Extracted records

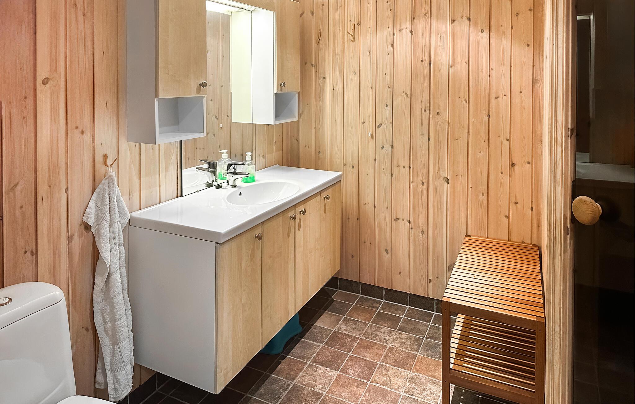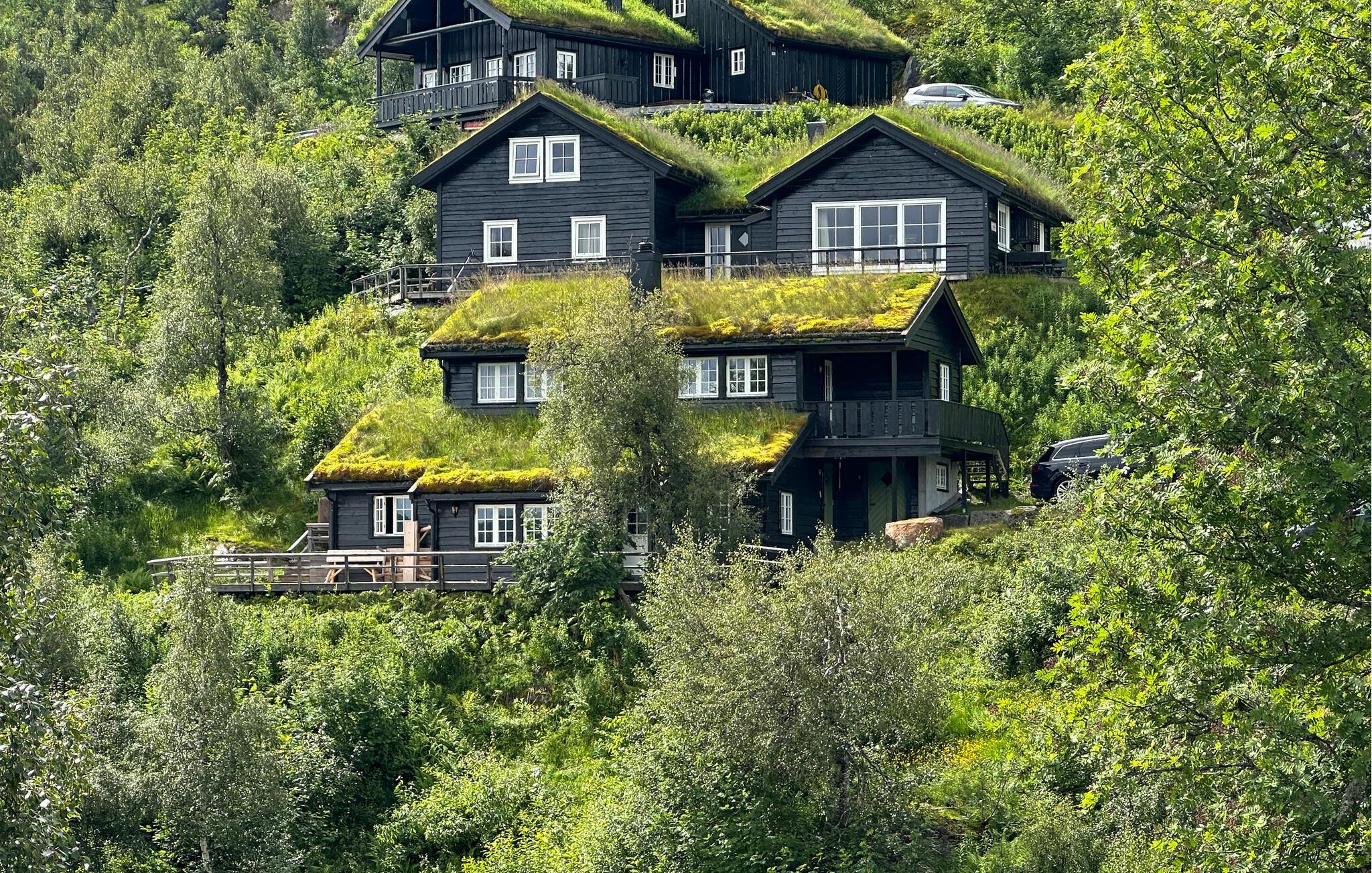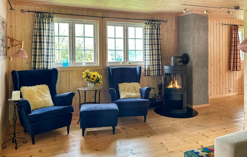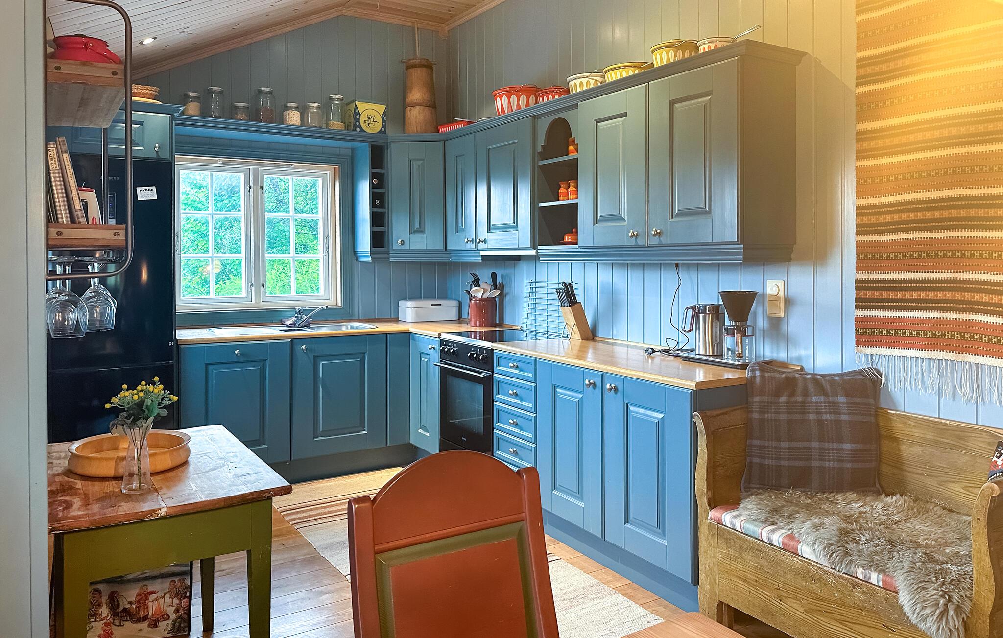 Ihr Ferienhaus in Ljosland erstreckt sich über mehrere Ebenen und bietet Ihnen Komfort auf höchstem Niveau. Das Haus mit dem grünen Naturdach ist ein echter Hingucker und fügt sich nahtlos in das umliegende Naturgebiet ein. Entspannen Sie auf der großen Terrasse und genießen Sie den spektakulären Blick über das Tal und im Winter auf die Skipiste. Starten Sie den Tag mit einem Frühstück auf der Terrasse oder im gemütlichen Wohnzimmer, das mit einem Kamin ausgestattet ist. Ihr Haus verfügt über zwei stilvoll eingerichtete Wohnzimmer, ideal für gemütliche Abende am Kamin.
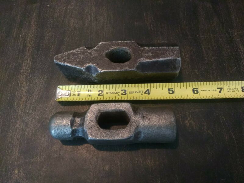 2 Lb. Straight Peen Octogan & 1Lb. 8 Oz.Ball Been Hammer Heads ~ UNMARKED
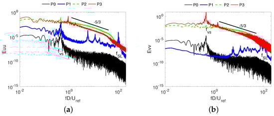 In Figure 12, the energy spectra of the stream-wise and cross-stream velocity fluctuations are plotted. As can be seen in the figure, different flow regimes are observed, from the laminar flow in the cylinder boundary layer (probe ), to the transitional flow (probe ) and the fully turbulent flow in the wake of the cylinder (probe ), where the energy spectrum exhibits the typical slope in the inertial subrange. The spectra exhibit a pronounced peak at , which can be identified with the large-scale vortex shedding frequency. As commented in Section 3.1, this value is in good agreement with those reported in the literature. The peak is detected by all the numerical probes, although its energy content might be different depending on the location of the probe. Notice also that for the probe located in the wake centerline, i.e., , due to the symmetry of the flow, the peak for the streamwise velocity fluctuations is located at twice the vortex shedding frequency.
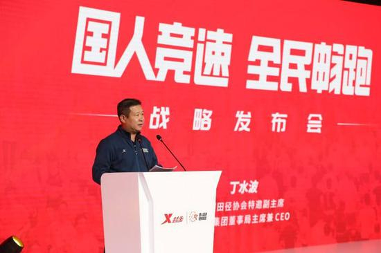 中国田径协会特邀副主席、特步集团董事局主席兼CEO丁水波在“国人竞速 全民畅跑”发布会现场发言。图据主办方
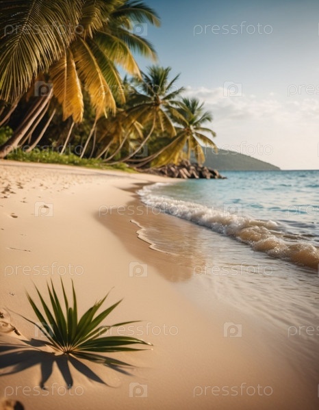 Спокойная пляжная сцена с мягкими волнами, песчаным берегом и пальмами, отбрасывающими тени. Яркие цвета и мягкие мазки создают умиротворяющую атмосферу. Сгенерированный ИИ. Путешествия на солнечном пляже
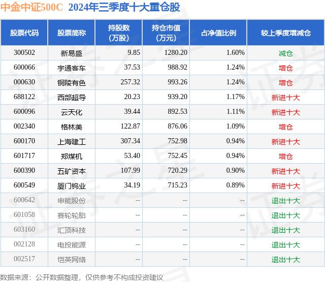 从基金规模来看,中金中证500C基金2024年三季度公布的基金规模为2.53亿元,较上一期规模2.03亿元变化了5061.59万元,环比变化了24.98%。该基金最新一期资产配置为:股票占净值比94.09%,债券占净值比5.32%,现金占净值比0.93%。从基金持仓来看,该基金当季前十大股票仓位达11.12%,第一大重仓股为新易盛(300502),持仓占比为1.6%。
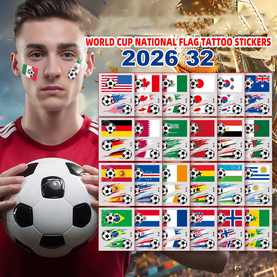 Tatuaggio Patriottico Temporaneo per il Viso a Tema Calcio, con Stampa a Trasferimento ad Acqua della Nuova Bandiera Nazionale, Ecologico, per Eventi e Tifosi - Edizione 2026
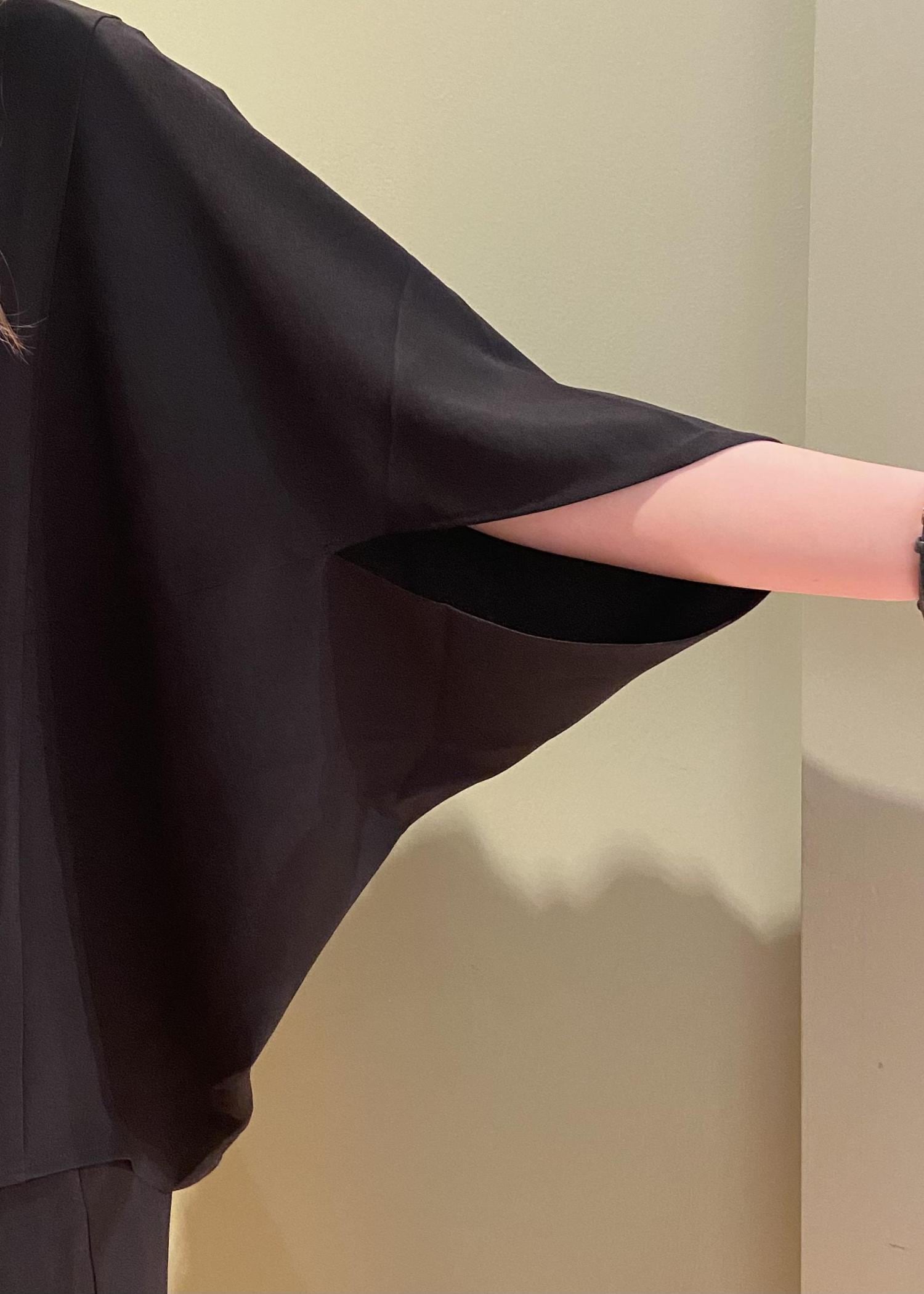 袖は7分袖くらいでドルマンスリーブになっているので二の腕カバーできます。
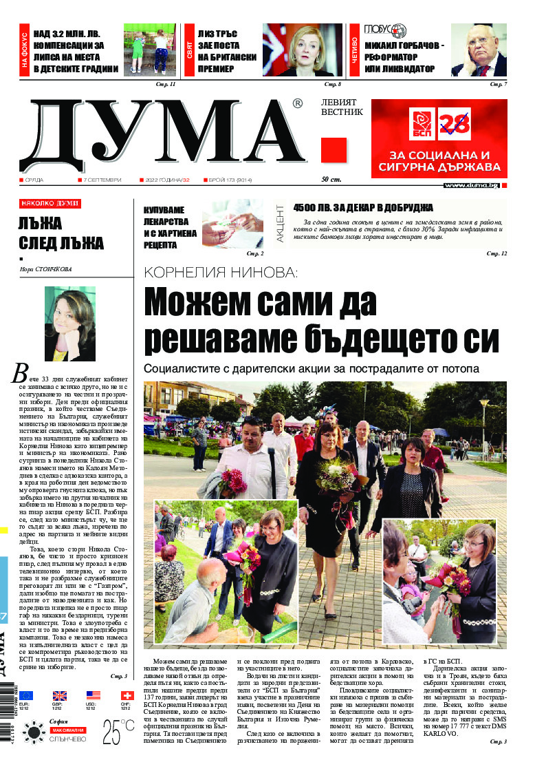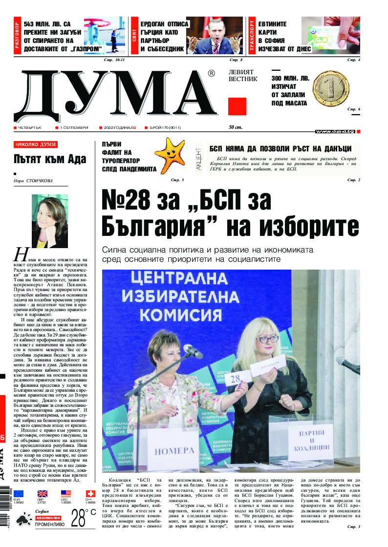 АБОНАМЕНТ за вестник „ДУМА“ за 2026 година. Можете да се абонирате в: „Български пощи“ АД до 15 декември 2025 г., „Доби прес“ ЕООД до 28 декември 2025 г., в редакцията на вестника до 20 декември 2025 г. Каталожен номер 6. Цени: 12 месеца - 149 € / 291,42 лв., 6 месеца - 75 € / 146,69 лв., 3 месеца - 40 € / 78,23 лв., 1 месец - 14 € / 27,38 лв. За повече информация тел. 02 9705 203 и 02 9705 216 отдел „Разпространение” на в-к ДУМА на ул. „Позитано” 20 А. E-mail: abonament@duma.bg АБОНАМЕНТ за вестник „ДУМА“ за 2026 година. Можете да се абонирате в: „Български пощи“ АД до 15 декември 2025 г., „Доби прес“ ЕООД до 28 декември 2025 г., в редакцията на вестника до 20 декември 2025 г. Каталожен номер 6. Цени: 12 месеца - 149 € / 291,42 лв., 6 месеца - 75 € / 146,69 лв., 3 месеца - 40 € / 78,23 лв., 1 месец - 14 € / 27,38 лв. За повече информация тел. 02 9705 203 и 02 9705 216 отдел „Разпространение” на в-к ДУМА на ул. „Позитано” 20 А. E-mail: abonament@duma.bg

EXERCISE DETAILS ▸ Restate, word for word, each line from the one with "袖は7分袖くらいでドルマンスリーブになっているので二の腕カバーできます。" to the end of the entries, both included, and keep every picture out.

TASK OUTPUT ▸
 袖は7分袖くらいでドルマンスリーブになっているので二の腕カバーできます。
 АБОНАМЕНТ за вестник „ДУМА“ за 2026 година. Можете да се абонирате в: „Български пощи“ АД до 15 декември 2025 г., „Доби прес“ ЕООД до 28 декември 2025 г., в редакцията на вестника до 20 декември 2025 г. Каталожен номер 6. Цени: 12 месеца - 149 € / 291,42 лв., 6 месеца - 75 € / 146,69 лв., 3 месеца - 40 € / 78,23 лв., 1 месец - 14 € / 27,38 лв. За повече информация тел. 02 9705 203 и 02 9705 216 отдел „Разпространение” на в-к ДУМА на ул. „Позитано” 20 А. E-mail: abonament@duma.bg АБОНАМЕНТ за вестник „ДУМА“ за 2026 година. Можете да се абонирате в: „Български пощи“ АД до 15 декември 2025 г., „Доби прес“ ЕООД до 28 декември 2025 г., в редакцията на вестника до 20 декември 2025 г. Каталожен номер 6. Цени: 12 месеца - 149 € / 291,42 лв., 6 месеца - 75 € / 146,69 лв., 3 месеца - 40 € / 78,23 лв., 1 месец - 14 € / 27,38 лв. За повече информация тел. 02 9705 203 и 02 9705 216 отдел „Разпространение” на в-к ДУМА на ул. „Позитано” 20 А. E-mail: abonament@duma.bg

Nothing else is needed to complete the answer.